• Supplied data
===

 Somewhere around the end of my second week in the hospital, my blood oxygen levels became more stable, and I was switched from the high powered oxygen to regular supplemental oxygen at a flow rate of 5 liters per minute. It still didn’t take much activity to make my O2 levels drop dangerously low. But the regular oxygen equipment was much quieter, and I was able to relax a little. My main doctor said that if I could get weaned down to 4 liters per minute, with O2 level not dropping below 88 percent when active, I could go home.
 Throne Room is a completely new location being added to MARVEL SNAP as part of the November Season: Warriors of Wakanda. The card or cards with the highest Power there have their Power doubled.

===

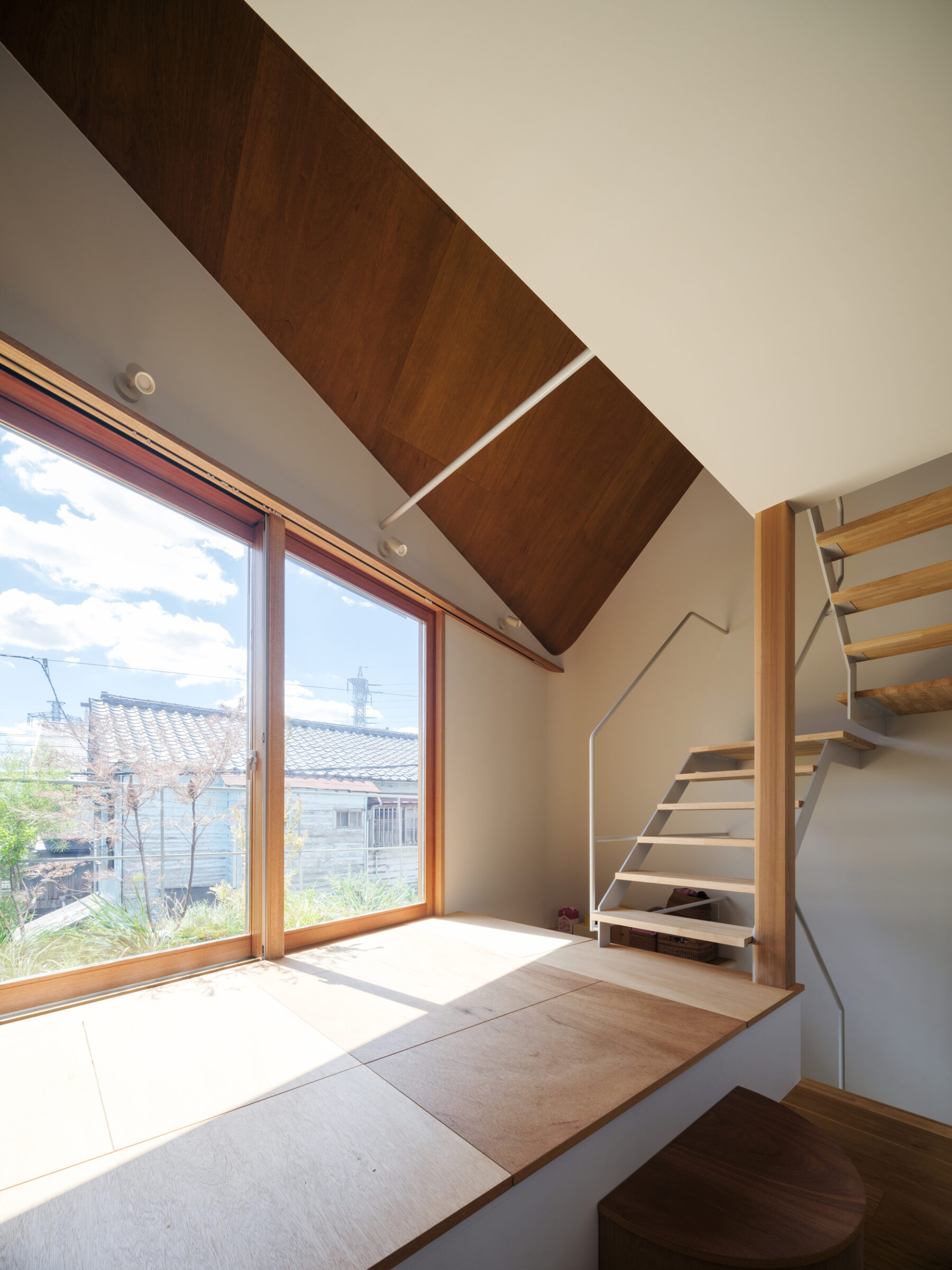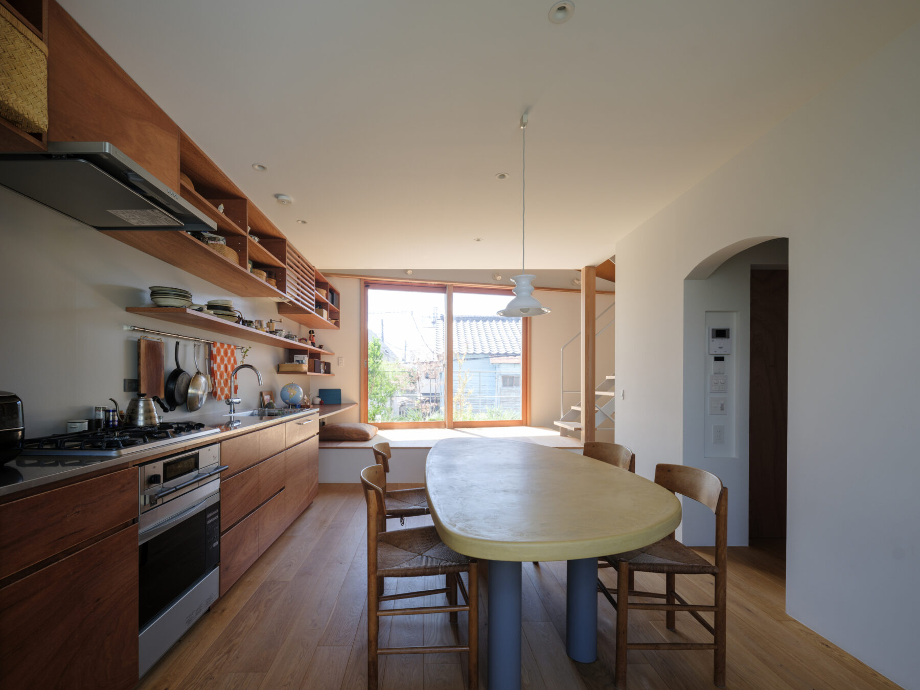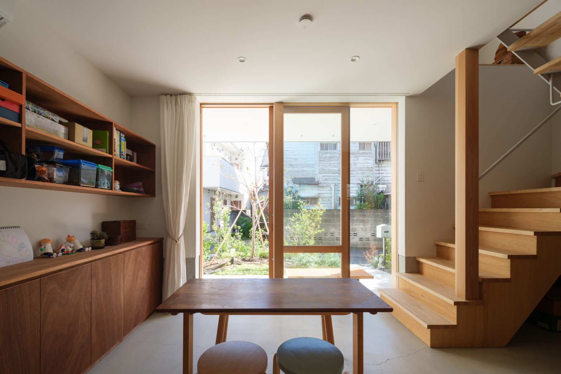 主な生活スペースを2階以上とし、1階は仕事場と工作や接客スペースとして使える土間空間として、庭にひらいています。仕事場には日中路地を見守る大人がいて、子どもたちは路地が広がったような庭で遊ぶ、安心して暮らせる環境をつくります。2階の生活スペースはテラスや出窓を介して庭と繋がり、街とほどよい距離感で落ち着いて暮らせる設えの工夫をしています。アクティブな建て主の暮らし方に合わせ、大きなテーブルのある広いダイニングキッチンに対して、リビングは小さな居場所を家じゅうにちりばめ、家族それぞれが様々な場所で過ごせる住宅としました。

===

• Brief
Copy each line above where the string "with" occurs.

• Solution for this task
 Somewhere around the end of my second week in the hospital, my blood oxygen levels became more stable, and I was switched from the high powered oxygen to regular supplemental oxygen at a flow rate of 5 liters per minute. It still didn’t take much activity to make my O2 levels drop dangerously low. But the regular oxygen equipment was much quieter, and I was able to relax a little. My main doctor said that if I could get weaned down to 4 liters per minute, with O2 level not dropping below 88 percent when active, I could go home.
 Throne Room is a completely new location being added to MARVEL SNAP as part of the November Season: Warriors of Wakanda. The card or cards with the highest Power there have their Power doubled.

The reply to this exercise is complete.